Period: Mid/Late Nineteenth Century
Height: 42.5 inches
Width: 23.5 inches
Depth: 26.5 inches
(all at maximum points)
The spindle back elm seated ‘Boston Rocker’ Rocking Chair having the traditional rolling seat, curved arms, large crested top trail, seven concave spindles with open arms and bee hive turned legs and stretcher on sleigh rockers survives from the third quarter of nineteenth century America.
The chair has a lovely deep and rich colour and expected patination to the right areas with the seat and arms bearing the richest patina. There are three of four old wormholes but nothing of concern and the piece is stable and rocks beautifully. There has been one old repair to the chair with one of the spindles a later replacement. This aside, the piece is in original condition.
Boston rockers as they are known originated in 1830 and it became very popular in the mid 19th century and were once described by the pioneer American furniture historian Wallace Nutting as “the most popular chair ever made, which people sit in, antiquarians despise and novices seek.” From 1830 to 1890 the Boston rocker was the standard American rocking chair. Its popularity spread from New England across the nation, and it was exported to France, Germany, Russia, Turkey, Egypt, China, and India.
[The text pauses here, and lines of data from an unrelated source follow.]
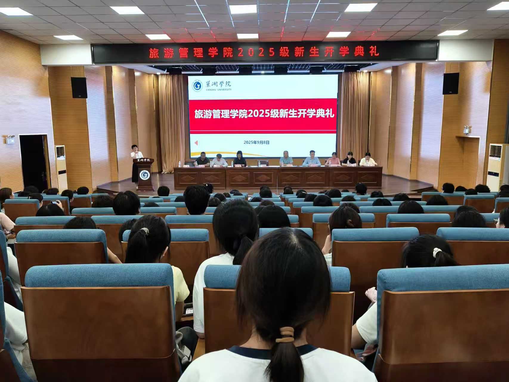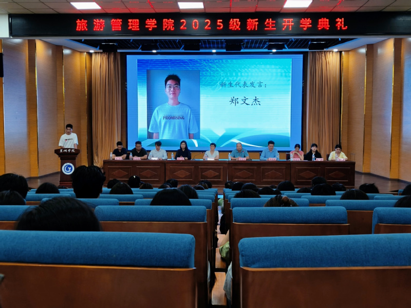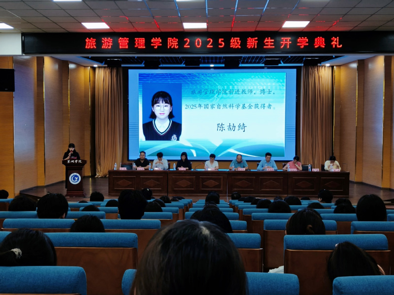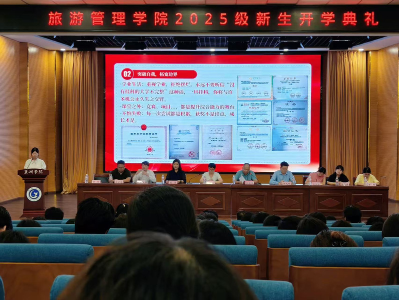 9月8日下午,旅游管理学院在求实楼报告厅举行2025级新生开学典礼。学院领导班子、教师代表、优秀校友、2025级辅导员及全体新生参加了典礼。典礼由学院副院长朱学同主持。
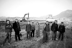昨日下午,40余名松樹峪村村民守在村東口的修路工地里,阻止推土機(jī)掘土施工,數(shù)輛施工機(jī)器停在工地由工人看守。被推平的土地寬20余米,兩側(cè)的莊稼地里還留著連片的秸稈。
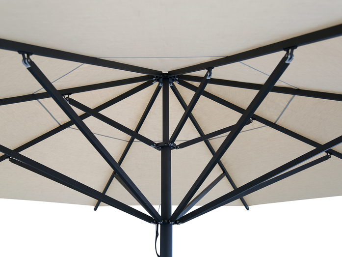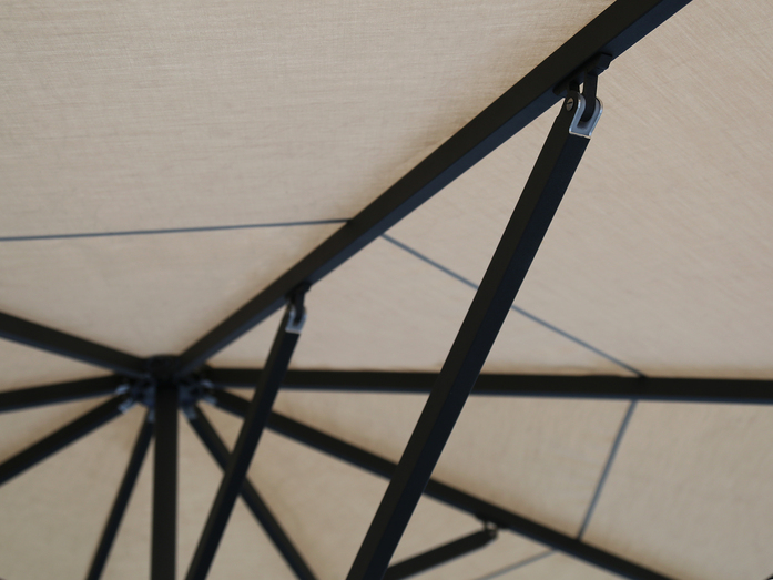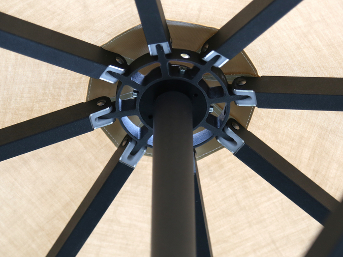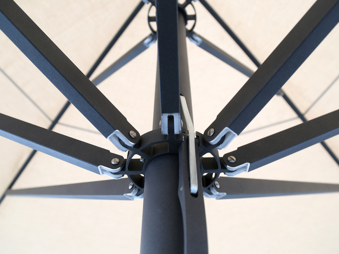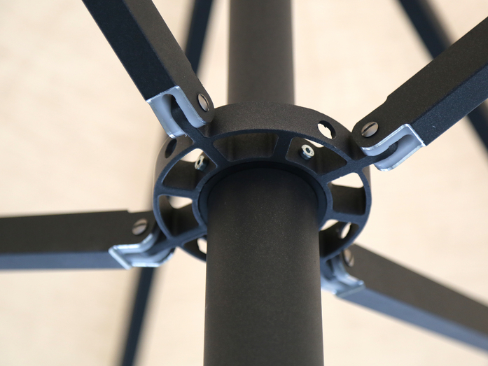 Streben bestehen aus Aluminium-Rechteckprofilen 30 x 20 x2 mm. Der Mast besteht aus einem Aluminium-Rundrohrprofil ø 60 x 3 mm mit einem 3-fache Vollaluminiumkranz, Aluminium Teleskop mit den Abmessungen 30 x 30 x 3 mm. Der Kranz ist aus hochfestem Aluminium gefertigt und enthält Verbindungen für die Strebenaufname. Alle Teile sind miteinander verschraubt. Das Gestell, die Strebenendkappen, der Kranz, die Abdeckung und der Griff (anthrazit) ist pulverbeschichtet (Polyesterpulver ca. 80 µ).
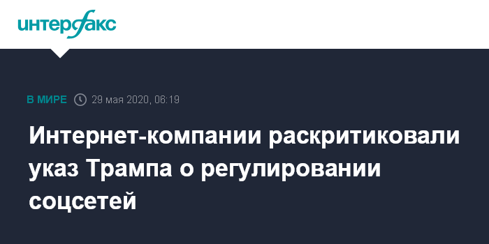 Москва. 29 мая. INTERFAX.RU - В американских компаниях Twitter, Facebook и Google считают, что указ президента США Дональда Трампа о социальных сетях угрожает свободе интернета.
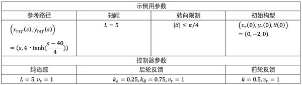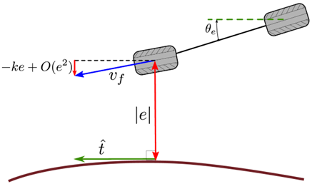 在这种情况下,术语 theta_e 不被解释为航向误差,因为即使在完美跟踪的情况下,它也将是非零的。更恰当的解释应该是, theta_e 是为用于追踪参考路径的标准转向角的前馈项和航向误差项的组合。这种控制律的缺点是,当 left|frac{k e}{v_f}right|>1 时,它未被定义。
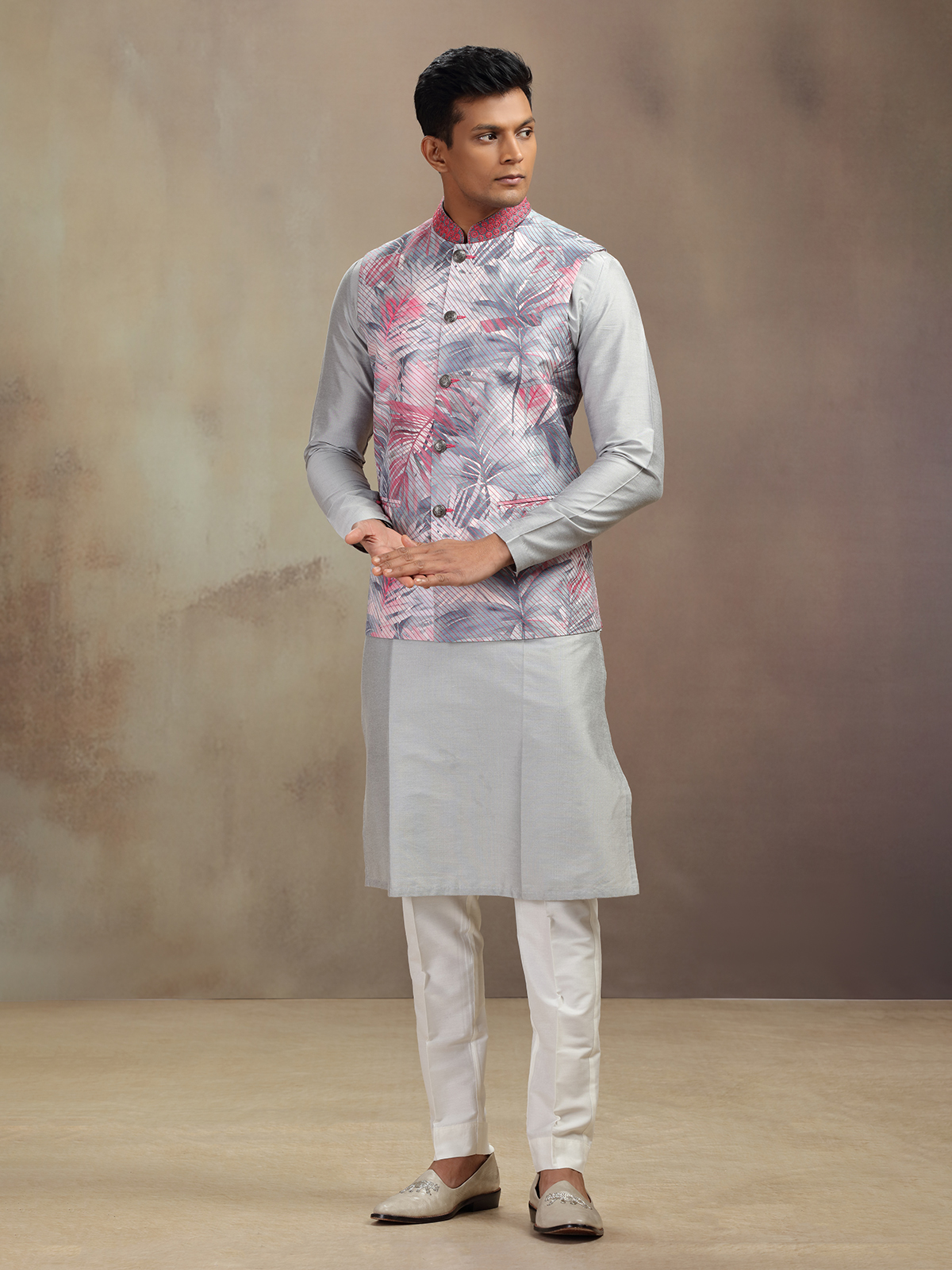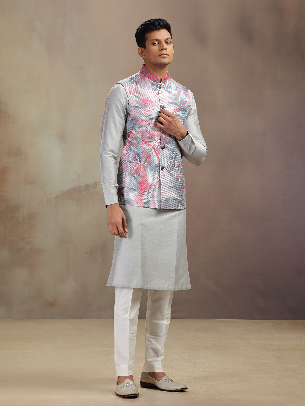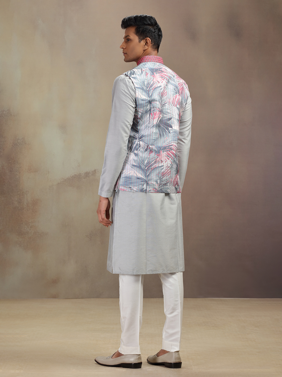 Grey Banarasi Silk Waistcoat Set With Classic Printed Detailing
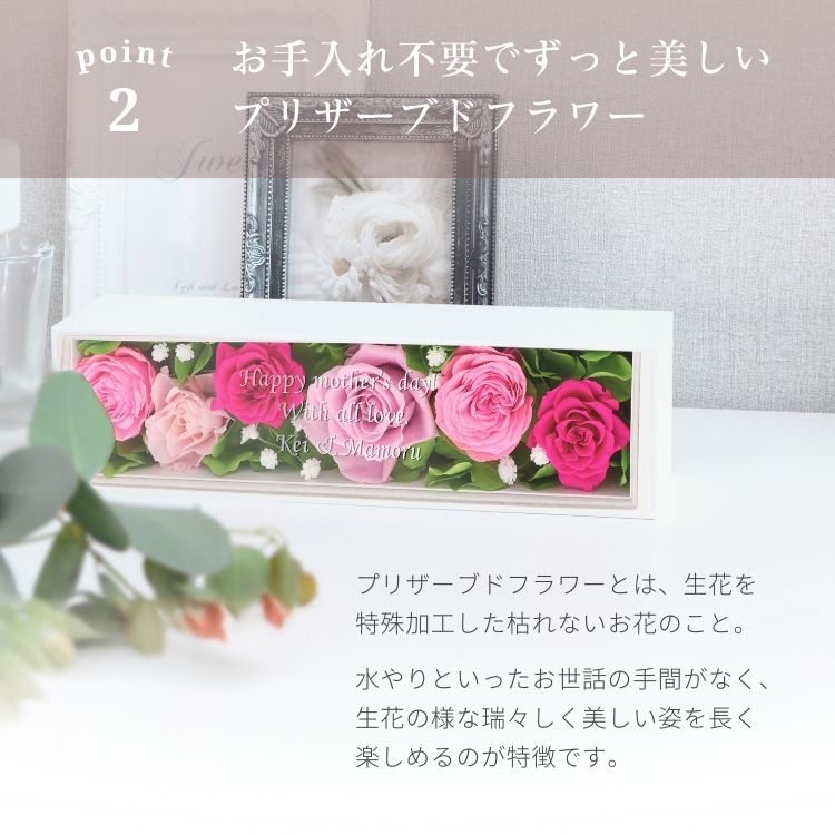 プリザーブドフラワーは、生花の美しさを長期間キープできる特別な加工を施したお花。
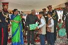 The President of India, Shri K R Narayanan presenting the colors to Jak Regiment at Srinagar in Jammu and Kashmir on Oct 09, 1998
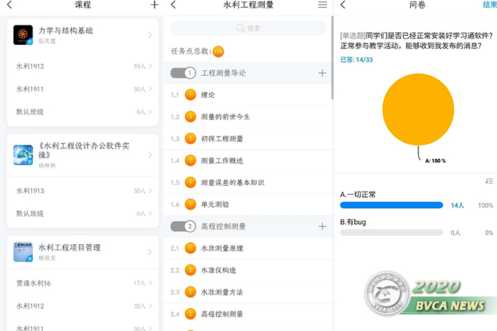 专业积极响应市教委“停课不停学”的号召,在学院和系部的领导下,积极筹备延期开学期间各项教学准备。所有水利专业任课教师,都认真学习了教务处组织的“学习通”和“泛雅网络教学平台”的网络教学实操培训,本学期所有课程都已在平台搭建完成。教师们认真研讨、精心设计,设置了速课、视频、讨论、考核等教学互动环节,高标准、严要求,确保教学有序开展。专业主任以团队教师身份加入所有网络课程,实时了解课程内容、课程建设进度等情况。

The earliest versions were handcrafted, but after 1840 Boston rockers were mass-produced by many makers. What distinguishes the classic Boston rocker from other rocking chairs are its gracefully scrolled seat, high spindled back, spool turnings, and rolling crest and headpiece. The first Boston rockers, which were as likely to have come from Connecticut as from Boston, were made of oak with solid pine seats.
A chair that achieves the heady combination of relaxation and movement, mobility and repose with sufficient style.